**RECORD EXTRACTS:**
Segment Open
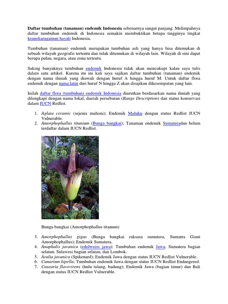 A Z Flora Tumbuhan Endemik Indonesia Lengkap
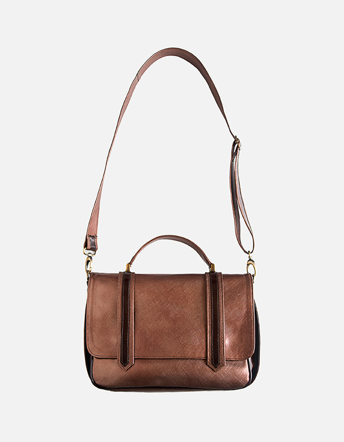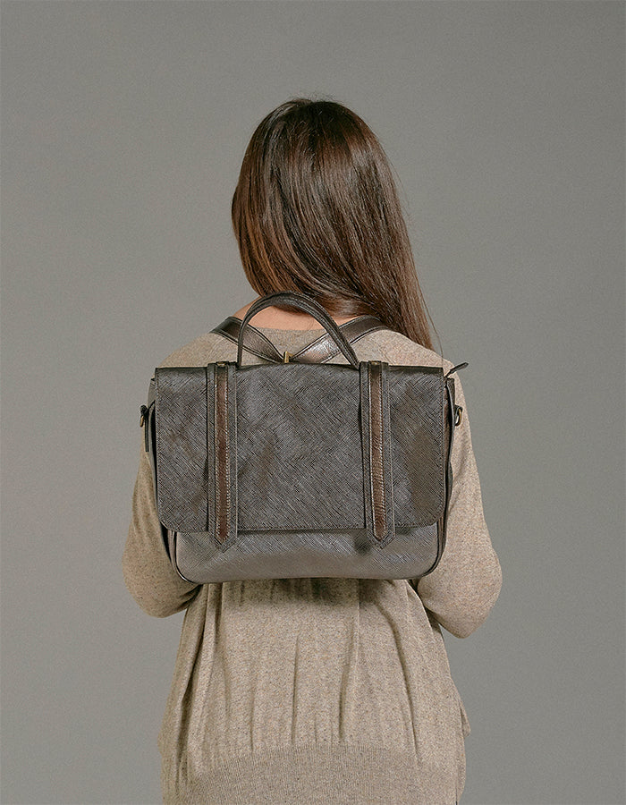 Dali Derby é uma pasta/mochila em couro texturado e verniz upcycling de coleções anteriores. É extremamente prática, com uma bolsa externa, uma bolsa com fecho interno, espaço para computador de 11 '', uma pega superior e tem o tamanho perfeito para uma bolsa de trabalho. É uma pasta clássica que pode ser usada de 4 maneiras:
Segment Closed
Segment Open
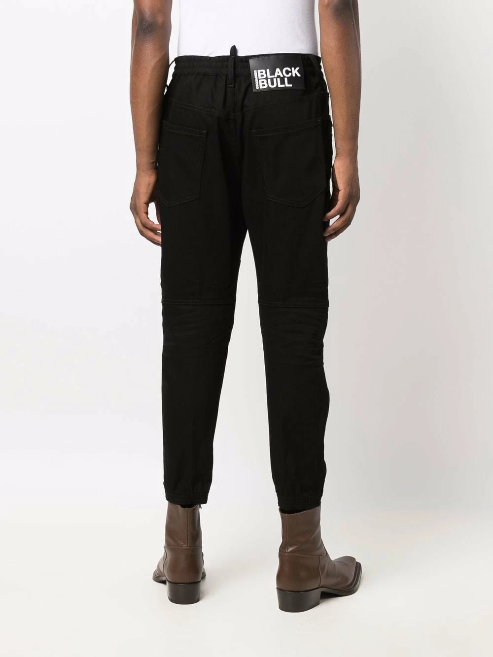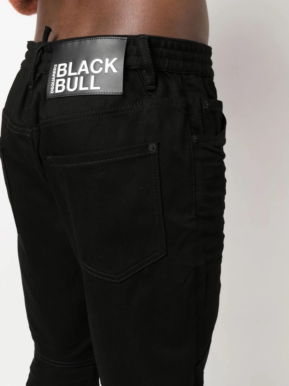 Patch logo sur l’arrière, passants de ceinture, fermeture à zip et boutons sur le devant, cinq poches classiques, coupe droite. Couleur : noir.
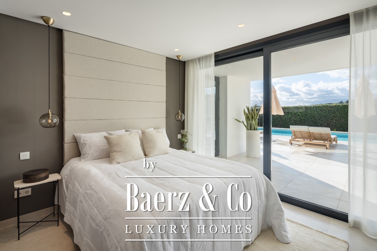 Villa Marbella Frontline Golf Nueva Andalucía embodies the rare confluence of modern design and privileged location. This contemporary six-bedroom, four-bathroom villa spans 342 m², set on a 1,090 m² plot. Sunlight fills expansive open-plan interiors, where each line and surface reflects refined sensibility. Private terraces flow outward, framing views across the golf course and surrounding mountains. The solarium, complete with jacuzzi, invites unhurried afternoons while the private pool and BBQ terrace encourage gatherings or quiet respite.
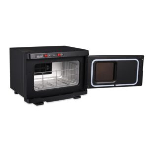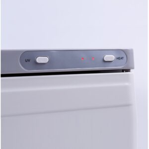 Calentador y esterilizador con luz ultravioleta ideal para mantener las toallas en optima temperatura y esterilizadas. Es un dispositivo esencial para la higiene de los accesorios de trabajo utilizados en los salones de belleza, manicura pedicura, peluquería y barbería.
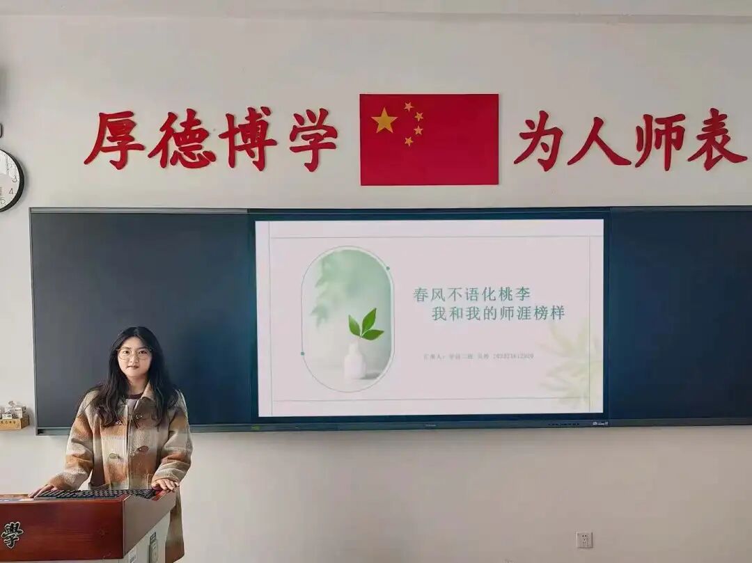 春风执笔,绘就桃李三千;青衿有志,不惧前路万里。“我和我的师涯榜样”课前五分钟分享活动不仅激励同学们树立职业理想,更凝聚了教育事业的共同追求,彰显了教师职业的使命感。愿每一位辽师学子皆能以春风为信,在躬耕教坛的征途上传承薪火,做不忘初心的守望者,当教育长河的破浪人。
Segment Closed
**TASK BRIEF:** Between and including the line with "A Z Flora Tumbuhan Endemik Indonesia Lengkap" and the line with "Dali Derby é", repeat every line exactly as it appears above, with pictures left out.

**SOLUTION BELOW:**
 A Z Flora Tumbuhan Endemik Indonesia Lengkap
 Dali Derby é uma pasta/mochila em couro texturado e verniz upcycling de coleções anteriores. É extremamente prática, com uma bolsa externa, uma bolsa com fecho interno, espaço para computador de 11 '', uma pega superior e tem o tamanho perfeito para uma bolsa de trabalho. É uma pasta clássica que pode ser usada de 4 maneiras:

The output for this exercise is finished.